In this regard, Deputy Minister Landers stressed that: "The right to development is indispensable. It is intrinsically linked to the enjoyment of economic, social and cultural rights, which are essential in ensuring the enhancement of the quality of life of those afflicted by extreme poverty. The notion of the right to development is therefore central and underpins the achievement of the Millennium Development Goals (MDGs), Sustainable Development Goals (SDGs) and other Internationally Agreed Development Goals."

One of the major concerns and key challenges is the absence of consensus on the means of implementation for the attainment of these goals and development.

"We require a paradigm shift from posturing and the apparent lack of political will to take concrete steps for the commitment of the requisite resources at all levels necessary to the achievement of these goals," said the Deputy Minister.

The South African Constitution internalises the letter and spirit of the UN Bill of Rights as contained in Chapter 2 of the UN Charter.

The economic, social and cultural rights in the South African national context, are a legitimate subject of litigation in courts of law.

Deputy Minister Landers mentioned that South Africa's national position has inspired and confirmed the notion of justifiability and the progressive realisation at the level of the UN human rights system.

"We believe fully in the General Recommendations 9 and 12 of the Committee on Economic, Social and Cultural Rights," said the Deputy Minister.

International cooperation is an obligation by all States in terms of the Charter of the United Nations. This principle of international law is paramount to the realisation of the right to development.

States are duty-bound to ensure that their collective actions contribute to an enabling international environment for development.

However, Deputy Minister raised concern that the growing practice of using human rights as a conditionality for development cooperation contradicts the principle of international cooperation and is an undue impediment to the realisation of the right to development.

"States should refrain from this practise.
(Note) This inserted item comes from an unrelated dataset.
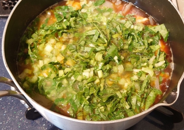⑦全体が柔らかく煮えたら小松菜を加える。

South Africa reiterates the collective position of the Summit of the Non-Aligned Movement taken in Havana, Cuba, in September 2006 for the UN human rights system to elaborate a Convention on the Right to Development as a matter of urgency, necessity, and priority," said the Deputy Minister.

Furthermore, Deputy Minister Landers stated that South Africa strongly believes that the corporate sector has a responsibility and an obligation to invest in social development, particularly in those countries where they have business activities.

"Such investments would significantly contribute to the mobilization of local resources which are necessary for the realisation of the right to development," said the Deputy Minister.

In conclusion, the Deputy Minister highlighted the fact that the right to development is about the economic, social and cultural development of people. Failure to realise this noble goal, would be a betrayal of the core principles of the UN Charter and, in particular, the billions of people worldwide who continue to linger in conditions of hopelessness that are afflicted by debilitating poverty.

"South Africa will continue to advocate for the eradication of poverty, which is an affront on human dignity, and therefore a violation of human rights," the Deputy Minister concluded.